A federal court has found that Omnicare Inc. and its contractor, Act Fast Delivery, jointly employ a group of drivers under a year-old, co-employment standard.
The Wednesday ruling by a judge in West Virginia, where Act Fast is based, means that more than 200 workers previously tagged as independent contractors can go after the pharmaceutical company and its delivery service for back wages they claim they are owed.
Omnicare had sought a summary motion to be released from the case. But U.S. District Judge Irene C. Berger favored the arguments by plaintiff Eric Young. She specifically noted in her ruling Omnicare’s extensively detailed contract, which mapped routes, scheduled timing and even gave Omnicare the power to recommend specific drivers be terminated.
“This amount of control exercised by Omnicare clearly amounts to the ability to direct and control the plaintiffs,” Berger wrote.
Young is joined by fellow delivery drivers who claim both companies violated the Federal Labor Standards Act by improperly classifying them as “independent contractors” to avoid paying overtime.
Another judge certified the class action lawsuit last August.
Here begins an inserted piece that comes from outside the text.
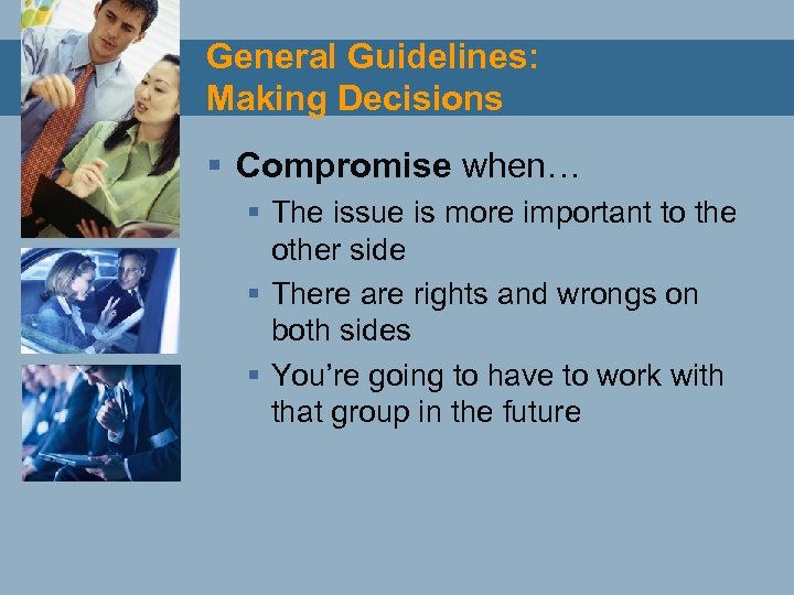 General Guidelines: Making Decisions § Compromise when… § The issue is more important to the other side § There are rights and wrongs on both sides § You’re going to have to work with that group in the future

In it, attorneys for the plaintiffs claim that when drivers began delivering medical and pharmaceutical products, they were required to sign “Independent Contractor Agreements.” Because of those agreements, the lawsuit alleges, the drivers were improperly classified as independent and paid per delivery or route rather than by the hour.
The drivers claim that under federal law they were actually employees who were entitled to minimum wage and overtime pay.
An Omnicare spokesman declined comment, citing the ongoing case. The company, however, argued in filings that it needed detailed contracts with Act Fast to ensure quality control and compliance and had not intended to act as an employer.